I have two candidate solutions, both of which solve the issue but make different compromises. My first solution is to include an "ignore_cfi" flag inside the struct cursor from tdep-ppc64/libunwind_i.h.
This flag is initially false but set to true whenever dwarf_step fails with -UNW_ENOINFO. It has the effect of skipping the dwarf_step logic entirely, causing libunwind to stick to using back chain unwinding after it encounters its first frame without CFI. This is a robust and simple solution, but I'm not sure if this is the libunwind way to approach the issue.

My second solution is a little more invasive, but has the potential to provide more information. The dwarf_step function uses dwarf_apply_registers internally to 1) compute the new Canonical Frame Address (CFA) and 2) update the register values. My fix effectively breaks the logic in dwarf_apply_registers out into two helper functions, something like "dwarf_advance_cfa" and "dwarf_update_registers".
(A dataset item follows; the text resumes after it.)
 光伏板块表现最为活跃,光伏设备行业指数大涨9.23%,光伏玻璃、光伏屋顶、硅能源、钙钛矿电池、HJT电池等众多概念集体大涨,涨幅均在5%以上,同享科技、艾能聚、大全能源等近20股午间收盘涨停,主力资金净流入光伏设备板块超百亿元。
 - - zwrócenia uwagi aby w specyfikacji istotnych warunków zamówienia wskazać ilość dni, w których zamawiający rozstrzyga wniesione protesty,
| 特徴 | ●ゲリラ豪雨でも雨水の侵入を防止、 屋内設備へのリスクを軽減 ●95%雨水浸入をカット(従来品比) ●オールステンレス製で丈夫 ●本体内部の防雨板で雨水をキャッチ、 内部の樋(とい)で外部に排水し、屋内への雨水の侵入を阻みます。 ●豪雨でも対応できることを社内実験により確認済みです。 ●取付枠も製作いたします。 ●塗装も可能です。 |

The dwarf_step function still works exactly as before, but we can now use "dwarf_update_registers" to update registers for a user-specified CFA. Given we have a valid CFA from backchain unwinding, we call "dwarf_update_registers" with our backchain-derived CFA to leave us with some register values even when we've unwound from a non-CFA frame. The next time we unwind then we will *probably* have the registers we need to continue to unwind successfully using CFI. The caveat with this approach is it is possible for compilers to save volatile registers in non-volatile registers rather than on the stack.
In this case, dwarf_update_registers would fail to retrieve the register-saved value and would fail. This is rare in practice, and is still much better than never being able to unwind. If we wanted we could be extra-safe and use both solutions, with the ignore_cfi flag being set only when dwarf_update_registers failed.

My first question is this: which approach is more in-keeping with the libunwind philosophy? Would either (or both) of them be accepted upstream? I've tested both approaches and found they both solve my issues on ppc64le, so either way I'm happy.
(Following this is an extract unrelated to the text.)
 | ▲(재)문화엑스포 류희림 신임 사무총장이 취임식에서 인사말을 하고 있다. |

A second question involves writing test cases. I have a test case that I run outside the libunwind infrastructure, but it's proving difficult to make it run within libunwind's own testing infrastructure. This bug only manifests when a frame has no CFI, however the libunwind make system turns on -fexceptions everywhere so this can't be tested easily. I know there are test-specific CFLAGS, however these come first in the compile command so they are clobbered by the global options. I think it makes sense to be able to vary the exception/unwind compiler flags as part of testing as these control which libunwind code paths are executed. Did I miss something? Is there some other mechanism to set these flags for test cases?

Many thanks in advance,
Stephen Roberts